Dataset entries:
"""
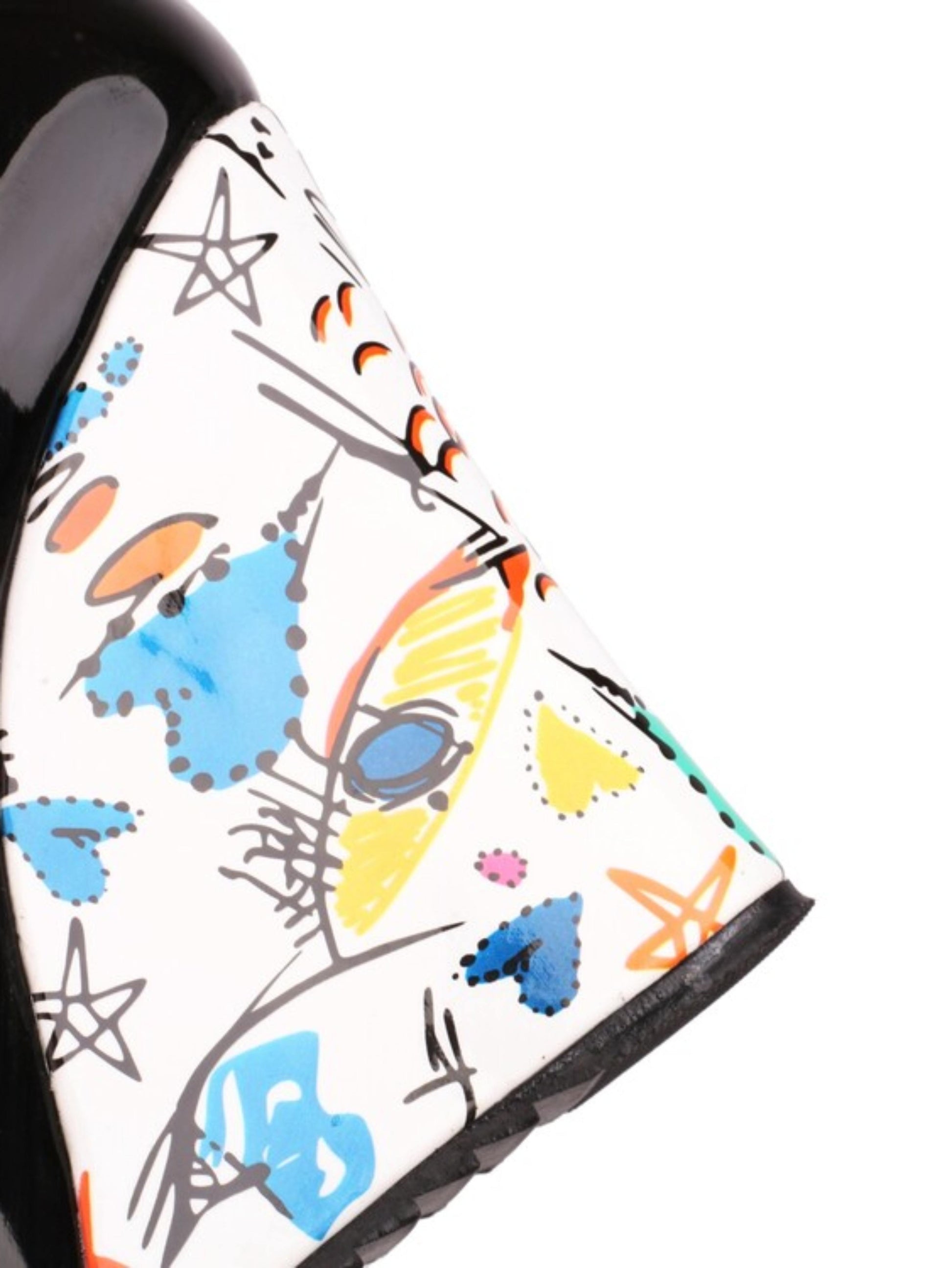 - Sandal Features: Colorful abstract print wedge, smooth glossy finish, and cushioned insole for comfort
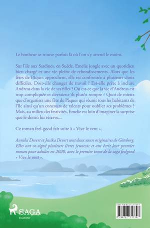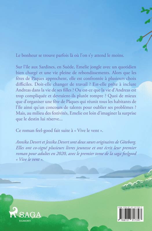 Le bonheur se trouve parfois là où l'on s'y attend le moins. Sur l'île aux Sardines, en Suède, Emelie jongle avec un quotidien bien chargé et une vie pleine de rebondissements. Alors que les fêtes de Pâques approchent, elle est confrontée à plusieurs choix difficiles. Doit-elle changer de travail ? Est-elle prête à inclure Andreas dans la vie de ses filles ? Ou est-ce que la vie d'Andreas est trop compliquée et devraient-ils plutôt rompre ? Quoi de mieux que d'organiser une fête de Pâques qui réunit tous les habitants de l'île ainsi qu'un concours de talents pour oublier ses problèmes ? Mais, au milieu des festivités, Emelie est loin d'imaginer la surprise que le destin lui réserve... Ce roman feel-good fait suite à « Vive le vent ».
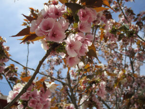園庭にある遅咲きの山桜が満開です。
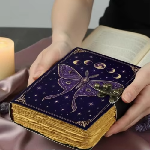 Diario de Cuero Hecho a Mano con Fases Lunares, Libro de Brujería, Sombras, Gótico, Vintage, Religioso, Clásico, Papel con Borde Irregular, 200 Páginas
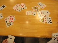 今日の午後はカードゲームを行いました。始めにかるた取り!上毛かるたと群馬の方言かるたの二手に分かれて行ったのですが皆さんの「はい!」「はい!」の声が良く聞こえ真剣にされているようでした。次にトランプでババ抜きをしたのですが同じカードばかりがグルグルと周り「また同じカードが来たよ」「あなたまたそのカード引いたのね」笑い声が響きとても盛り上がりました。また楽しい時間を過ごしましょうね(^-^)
"""
Task prompt: Only the pictures are to be dropped; the rest of the material above must be duplicated exactly.

Result of this exercise:
 - Sandal Features: Colorful abstract print wedge, smooth glossy finish, and cushioned insole for comfort
 Le bonheur se trouve parfois là où l'on s'y attend le moins. Sur l'île aux Sardines, en Suède, Emelie jongle avec un quotidien bien chargé et une vie pleine de rebondissements. Alors que les fêtes de Pâques approchent, elle est confrontée à plusieurs choix difficiles. Doit-elle changer de travail ? Est-elle prête à inclure Andreas dans la vie de ses filles ? Ou est-ce que la vie d'Andreas est trop compliquée et devraient-ils plutôt rompre ? Quoi de mieux que d'organiser une fête de Pâques qui réunit tous les habitants de l'île ainsi qu'un concours de talents pour oublier ses problèmes ? Mais, au milieu des festivités, Emelie est loin d'imaginer la surprise que le destin lui réserve... Ce roman feel-good fait suite à « Vive le vent ».
園庭にある遅咲きの山桜が満開です。
 Diario de Cuero Hecho a Mano con Fases Lunares, Libro de Brujería, Sombras, Gótico, Vintage, Religioso, Clásico, Papel con Borde Irregular, 200 Páginas
 今日の午後はカードゲームを行いました。始めにかるた取り!上毛かるたと群馬の方言かるたの二手に分かれて行ったのですが皆さんの「はい!」「はい!」の声が良く聞こえ真剣にされているようでした。次にトランプでババ抜きをしたのですが同じカードばかりがグルグルと周り「また同じカードが来たよ」「あなたまたそのカード引いたのね」笑い声が響きとても盛り上がりました。また楽しい時間を過ごしましょうね(^-^)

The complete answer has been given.